Depois do almoço sertanejo na casa de meu tio que mora, bem podemos dizer, na última casa do Ceará, limpamos a mesa e trocamos pratos por xícaras de tomar café. Mais cafezeiros que nós, ele me disse que às vezes passam seis garrafas de café, bem doce, no dia. Ao nosso lado, seis crianças aflitas para saber sobre esse povo que chegara de tão longe. Queriam nos levar para passear, por sorte, porque era o que queríamos também. Minha irmã, que não terminara o café, optou por carregar consigo a xícara e o café, causando riso geral. A atitude secou a inibição das crianças que se agarraram a nós, fazendo-nos íntimos nas bobeiras. Talvez os adultos achassem estranho nos mostrar a casa de farinha.... Orgulhosamente, fomos apresentados à imensa chapa e o rodo que reviram e secam a farinha, aprendemos até os sestros. O motor que espreme a massa – já dispensaram o jugo e a canga do boi –, o local onde se sentam as raspadeiras de mandioca. Ruidosamente nos contaram sobre a festa que é o desmanche da mandioca, atividade muito rústica e pesada que reúne o pequeno povoado de Pedrinhas. “Ô Adriana, tem farinha lá em casa, venha vê, venha”.

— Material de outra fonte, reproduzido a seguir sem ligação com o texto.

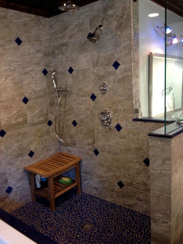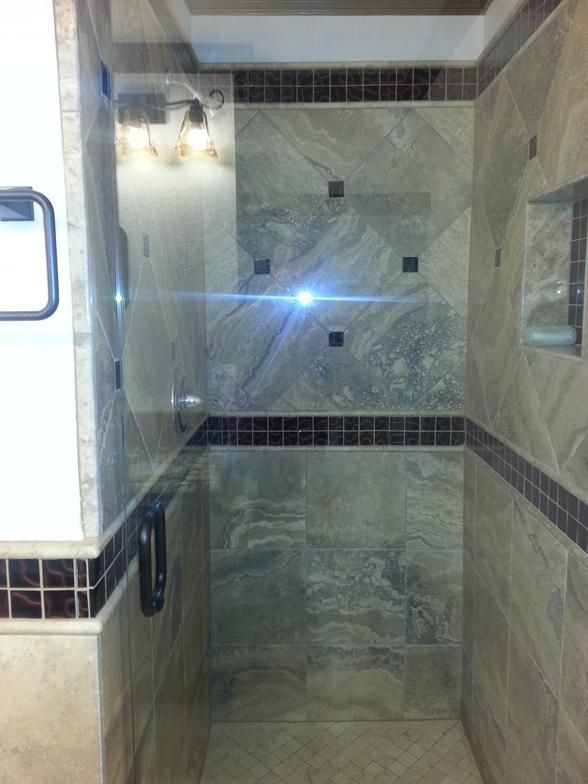 From there we begin setting the tiles that you have selected w/ trim and misc. enhancements custom designed by you.

Tomamos o caminho mais longo para admirar as cercas de varas, que ainda reinam absolutas - nenhum muro ou arame farpado. As varas, aparadas com tanto capricho, quase anulam o dito popular nordestino: “cego é quem não enxerga por uma cerca de varas”. Acharam ridículo a gente se confundir entre cacimbas, cacimbões, poços e cisternas – deve ser algo comparado a estupidez de não se saber a diferença entre uma torneira e um copo de água.
De volta à casa, outra garrafa de café fresquinho e uma massa linda descansando: massa puba e milho, melaço de rapadura, castanha de caju, erva doce e bem docinho. Minha prima vai deitando colheradas dessa massa numa frigideira untada. Um disco para cada pessoa e mais café, foi a merenda da tarde. Voltamos do primeiro passeio como velhos amigos, a pequena distância entre o almoço e a merenda nos fez conhecidos na vizinhança e entendedores da rotina do vilarejo.

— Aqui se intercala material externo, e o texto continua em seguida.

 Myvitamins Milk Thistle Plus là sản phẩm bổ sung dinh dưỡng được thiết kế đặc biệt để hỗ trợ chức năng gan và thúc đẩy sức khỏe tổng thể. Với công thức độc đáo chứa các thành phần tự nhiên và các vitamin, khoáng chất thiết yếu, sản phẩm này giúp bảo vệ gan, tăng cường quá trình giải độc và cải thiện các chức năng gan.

Os adultos, sempre tão preocupados em dar conforto e receber consideração, se esquecem da beleza que existe na franqueza de se mostrar tal como se é.
Convivermos alguns dias com crianças simples, corajosas e amáveis plantou uma tristeza irrefutável em nossos corações. Entender que: “Ô Adriana, se ocê num morá aqui, a gente nunca mais se vê”.